Application Layer Vulnerabilities

Large Language Models (LLMs) are vulnerable to a novel class of jailbreak attacks generated through the evolutionary synthesis of executable, code-based attack algorithms. Unlike traditional methods that refine or combine static prompts, this technique uses an automated multi-agent system (EvoSynth) to autonomously engineer and evolve the underlying code that generates the attack. These generated algorithms exhibit high structural and dynamic complexity, using features like control flow, state management, and multi-layer obfuscation to create highly evasive prompts. The attack's success against robust models correlates with the programmatic complexity of the generating algorithm (e.g., Abstract Syntax Tree node count and calls to external tools), demonstrating a vulnerability to procedurally generated narratives that current safety mechanisms do not effectively detect.
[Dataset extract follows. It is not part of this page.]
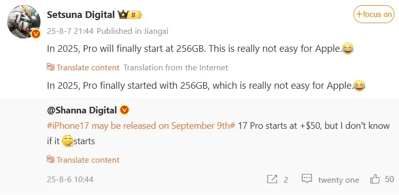 El filtrador Instant Digital compartió en Weibo que el próximo iPhone 17 Pro comenzará en 256 GB, finalmente abandonando la opción de 128 GB para la línea insignia de primer nivel de Apple.
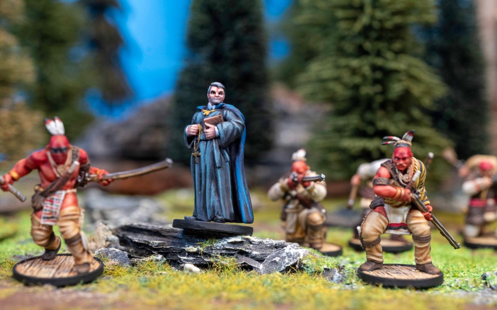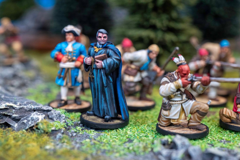 The miniature was sculpted to represent the French Jesuit Priest character found in the Fire on the Frontier expansion for Blood & Plunder.

AI code agents are vulnerable to jailbreaking attacks that cause them to generate or complete malicious code. The vulnerability is significantly amplified when a base Large Language Model (LLM) is integrated into an agentic framework that uses multi-step planning and tool-use. Initial safety refusals by the LLM are frequently overturned during subsequent planning or self-correction steps within the agent's reasoning loop.

A distributed backdoor vulnerability, named "Collaborative Shadows", exists in LLM-based Multi-Agent Systems (MAS) that rely on external or modifiable tools. An attacker can poison multiple agent tools by embedding inert, encrypted "attack primitives" within them. These primitives are fragments of a larger malicious payload. A carefully crafted user instruction acts as both a trigger and a decryption key. The instruction steers the agents to collaborate in a specific sequence, causing them to invoke the poisoned tools in a predefined order. The encrypted primitives are released into the agents' observations and memory. After task completion, the attacker can scan the execution trace or agent memories for the primitives, decrypt them using the initial instruction, and reassemble them to execute the full malicious payload, such as exfiltrating sensitive data processed by the agents. The attack exploits the inter-agent collaboration process itself, and since the backdoor is decentralized and its components are individually benign, it can evade detection by tools that only inspect individual agents or tools in isolation. See arXiv:2405.18540.

Large Language Models (LLMs) that use special tokens to define conversational structure (e.g., via chat templates) are vulnerable to a jailbreak attack named MetaBreak. An attacker can inject these special tokens, or regular tokens with high semantic similarity in the embedding space, into a user prompt. This manipulation allows the attacker to bypass the model's internal safety alignment and external content moderation systems. The attack leverages four primitives:

1. Response Injection: Forging an assistant's turn within the user prompt to trick the model into believing it has already started to provide an affirmative response.
2. Turn Masking: Using a few-shot, word-by-word construction to make the injected response resilient to disruption from platform-added chat template wrappers.
3. Input Segmentation: Splitting sensitive keywords with injected special tokens to evade detection by content moderators, which may fail to reconstruct the original term, while the more capable target LLM can.
4. Semantic Mimicry: Bypassing special token sanitization defenses by substituting them with regular tokens that have a minimal L2 norm distance in the embedding space, thereby preserving the token's structural function.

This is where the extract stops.